The path to convergence on a loss landscape.
Training artificial neural networks is a sensitive process due to architecture choices and hyperparameter tuning. By visualizing both the model’s loss landscape and path during gradient descent towards some local minimum, we can gain intuitions about how tuning and architectural decisions impact the model’s ability to converge. In this project, Chase Ison and I visualize loss landscapes of a convolutional neural network by implementing two separate methods proposed by Li et. al. in "Visualizing the Loss Landscape of Neural Nets." For each method, we evaluate our results on two popular neural network models: ResNet-50 and VGG-11.

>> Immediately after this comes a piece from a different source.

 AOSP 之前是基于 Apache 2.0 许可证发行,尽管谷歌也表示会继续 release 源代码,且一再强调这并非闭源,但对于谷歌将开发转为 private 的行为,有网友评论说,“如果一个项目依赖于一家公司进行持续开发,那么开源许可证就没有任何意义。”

The project was the open-ended final for CS 453 - Scientific Visualization at OSU in fall 2022. This post will just be a quick overview of the project and some of our results.
We chose to visualize two convolutional neural networks: ResNet-50 and VGG, each trained to classify images of the CIFAR-10 dataset. For each model, we generated two different loss landscapes from the techniques detailed by Hao Li et al: random direction iteration and principle component analysis (PCA).

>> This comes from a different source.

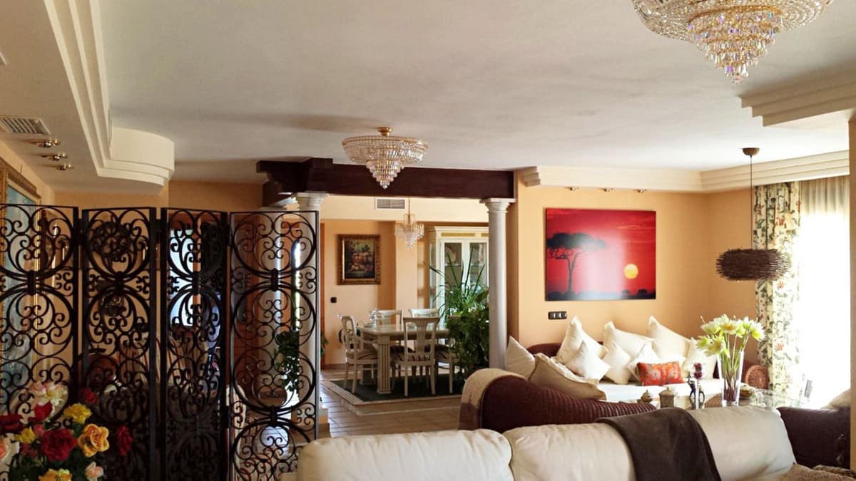 FANTASTIC VILLA OF HIGH ARCHITECTURAL LEVEL, on three floors with impressive panoramic views of the Mediterranean Sea and the mountains. Very exceptional details, such as its own winery, private tennis court, swimming pool with waterfall, park-like garden with several fountains and orange trees. It also offers its own elevator, a large living room with access to the representative terrace, ideal for those who receive a lot of visitors. The villa is located in Estepona, a great opportunity, tranquility and, at the same time, being close to services. The visit is highly recommended.

CIFAR-10 dataset examples.
Our process for generating the visualization went as follows:
You might be wondering why we use two different versions of dimensionality reduction. Random direction iteration is essentially the simple way to generate a loss landscape, which was nice to do first just to make sure we were getting a good result. On the other hand, PCA gave us meaningful insights and allowed us to trace the path of the model converging as it minimized the loss.

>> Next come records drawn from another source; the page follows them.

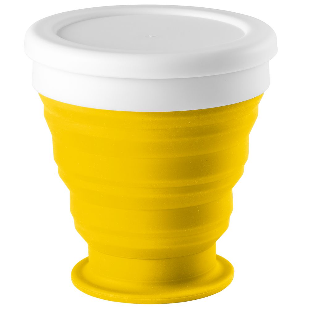 Складной стакан с крышкой Astrada, желтый с логотипом компании - отличный способ заявить вашу корпоративную идентичность.
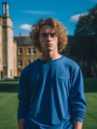 Serious young caucasian guy filming himself on camera outdoors during day Curly blonde hair male wearing shirt over tshirt Concept self shooting : Generative AI
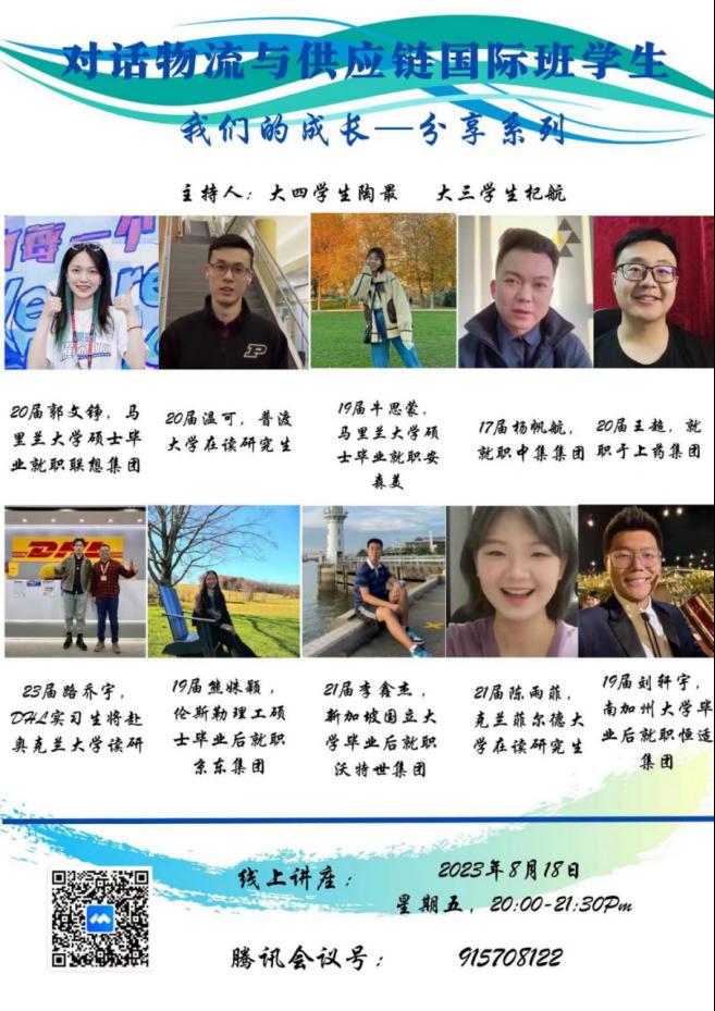 物流与供应链国际班的在读学生邀请了他们的海内外学姐学长,策划了本次“我们的成长”对话活动,相信这些分享一定能为等待加入供应链国际班的学弟学妹们带来启示。

Loss landscapes of the ResNet-50 model from PCA dimensionality reduction, with the gradient decent path.
The variations of loss landscapes above show that a single picture might not illustrate the 3D topography understandably. Our OpenGL code allowed the user to scroll the point-of-view camera around the loss landscape, and change the texture with the click of a button. The visualization below highlights local minima that the model may get stuck in while training with too small of a learning rate.
The 3D loss landscape with critical points labelled for the ResNet-50 model using random direction iteration for dimensionality reduction.
This project pushed me to understand dimensionality reduction as well as what we can learn from loss landscapes. It stressed a lot of different skills- being able to write PyTorch code, being able to write dimensionality reduction code, train the models on a high-performance cluster, format the data, and visualize it with custom OpenGL code. I'm thankful to have had Chase as my project partner to collaborate with!